START Source data

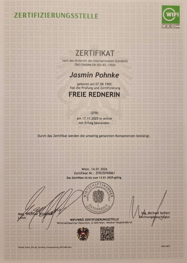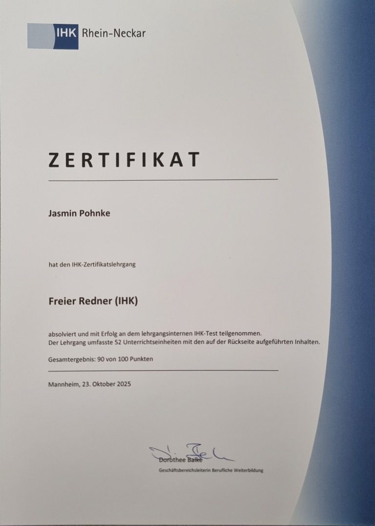 Zertifikat "Freie Rednerin (IHK)"
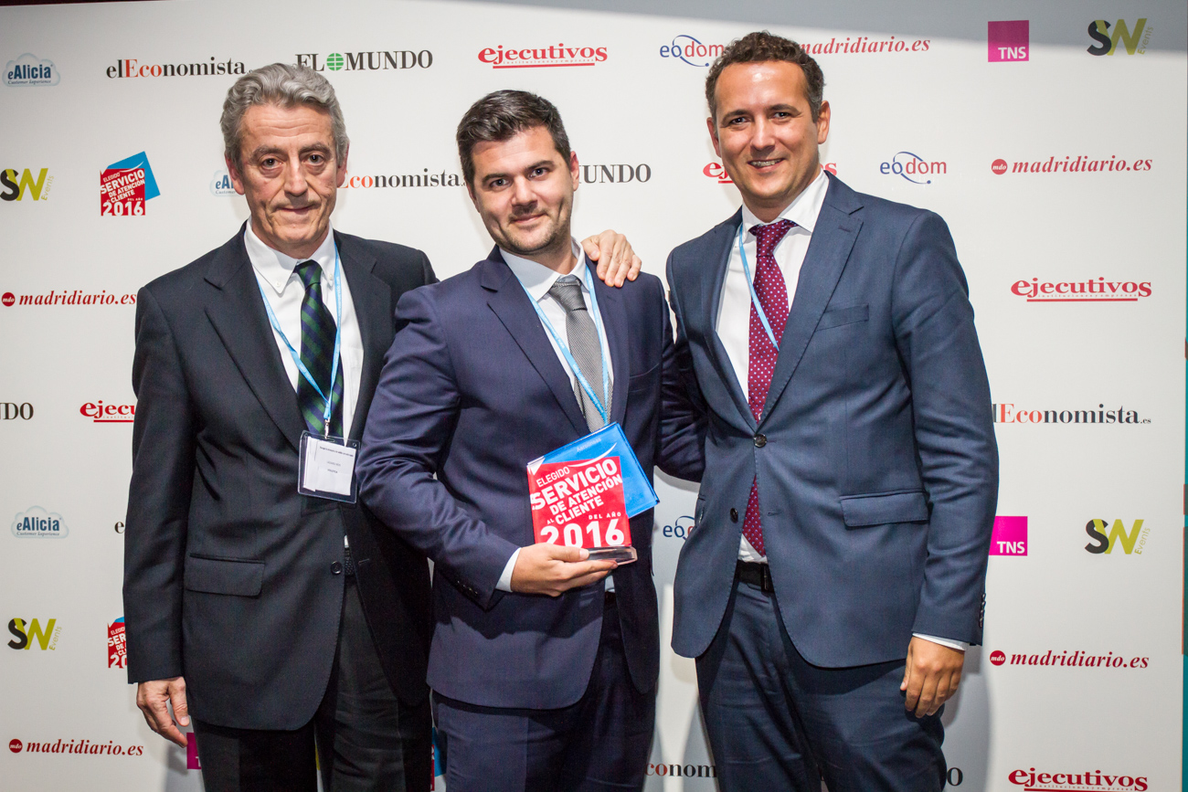 Venezia, 23 ottobre 2015 – Volotea, la compagnia aerea che collega località di medie e piccole dimensioni, si aggiudica il premio per il Miglior Servizio Clienti 2016 (Best Customer Service of the Year) nella categoria “compagnie aeree”. A ritirare il riconoscimento Lázaro Ros, General Manager e Co-Fondatore di Volotea, Álex de Jesús, Chief Information Officer della low cost e Sergi Méndez, Customer Care Manager di Volotea, durante una speciale cerimonia svoltasi a Madrid.
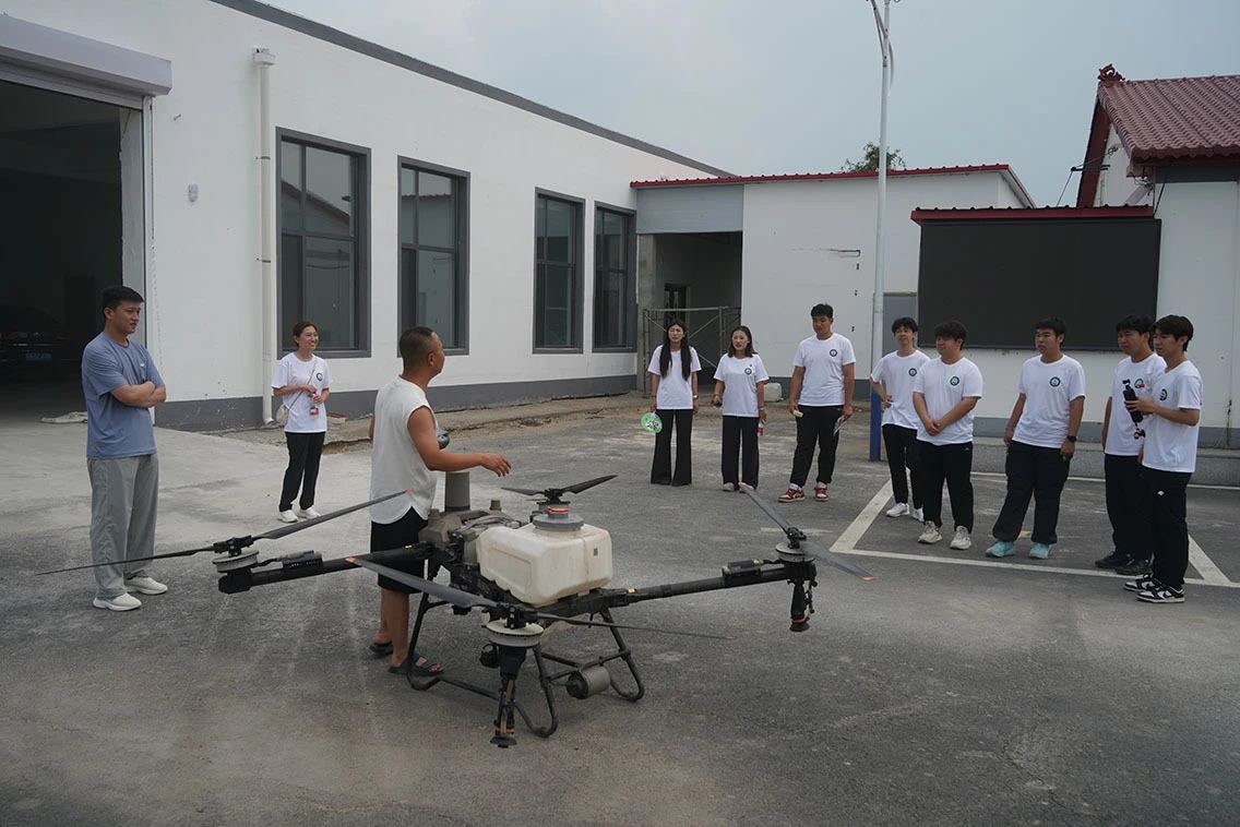 随后,合作社负责人张帅为实践团展开科技助农讲解。先是介绍大型机械化设备在水稻田间的作业应用,从耕整到植保,展现高效流程。接着重点演示大型无人机巡视,展示操作流程,讲解如何借航拍监测水稻长势、排查农田状况,尽显科技赋能农业的智慧。
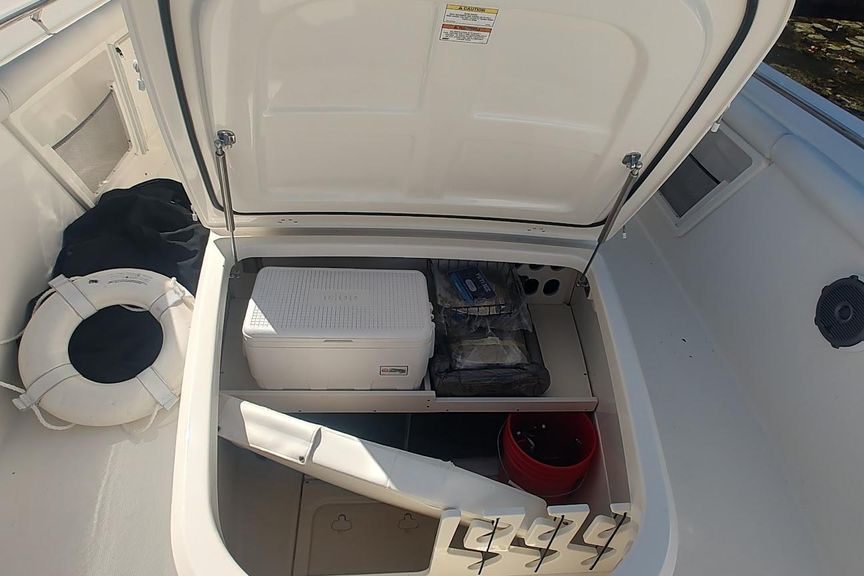 - Pressurized livewell (23 gal) in aft port corner with clear lid and blue interior with red and white LED lights

END Source data

**Work task**
All of the listing above must be output exactly, except for its pictures.

**Answer to this task**
 Zertifikat "Freie Rednerin (IHK)"
 Venezia, 23 ottobre 2015 – Volotea, la compagnia aerea che collega località di medie e piccole dimensioni, si aggiudica il premio per il Miglior Servizio Clienti 2016 (Best Customer Service of the Year) nella categoria “compagnie aeree”. A ritirare il riconoscimento Lázaro Ros, General Manager e Co-Fondatore di Volotea, Álex de Jesús, Chief Information Officer della low cost e Sergi Méndez, Customer Care Manager di Volotea, durante una speciale cerimonia svoltasi a Madrid.
 随后,合作社负责人张帅为实践团展开科技助农讲解。先是介绍大型机械化设备在水稻田间的作业应用,从耕整到植保,展现高效流程。接着重点演示大型无人机巡视,展示操作流程,讲解如何借航拍监测水稻长势、排查农田状况,尽显科技赋能农业的智慧。
 - Pressurized livewell (23 gal) in aft port corner with clear lid and blue interior with red and white LED lights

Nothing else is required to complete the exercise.